FindInstance[α > 0 && β > 
   0 && {c1, c2, c3, c4, c5, c6} ∈ Rationals && 
  eqn <= 0, {α, β, c1, c2, c3, c4, c5, c6}]

And here is an example of the results of using this function, under which the given conditions are satisfied.

{{α -> 1, β -> 1, c1 -> 0, c2 -> 0, c3 -> 0, c4 -> 0, 
  c5 -> 0, c6 -> 0}}

You can introduce additional conditions in the form of $\xi_i \epsilon R$ and include these variables as the desired coefficients. Thus, you will get all the information about the value of the parameters of the equation for which the requirements of the inequality are satisfied.

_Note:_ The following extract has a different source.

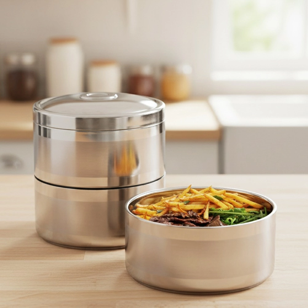 Užívejte si teplé nebo studené pokrmy kdekoli na cestách díky menážce s třemi nerezovými nádobami, které se bezpečně spojují do jednoho celku pomocí bočního rámu. Každá nádoba má objem 1,1 l, takže snadno oddělíte polévku, hlavní chod i dezert.

FindInstance[α > 0 && β > 
   0 && {c1, c2, c3, c4, c5, c6} ∈ Rationals && {ξ1, ξ2, ξ3, ξ4} ∈ Rationals && 
  eqn <= 0, {α, β, c1, c2, c3, c4, c5, c6, ξ1, ξ2, ξ3, ξ4}]

{{α -> 1, β -> 1, c1 -> 0, c2 -> 0, c3 -> 0, c4 -> 0, 
      c5 -> 0, c6 -> 0, ξ1 -> 0, ξ2 -> 0, ξ3 -> 0, ξ4 -> 0}}

Answer 2

I figure out the following codes to solve:

Reduce[Exists[{α, β, c1, c2, c3, c4, c5, c6}, ForAll [{ξ1,ξ2,ξ3,ξ4}, eqn<= 0 && α>0 && β>0]], Reals]

However, it run for a long time and no result can be obtained.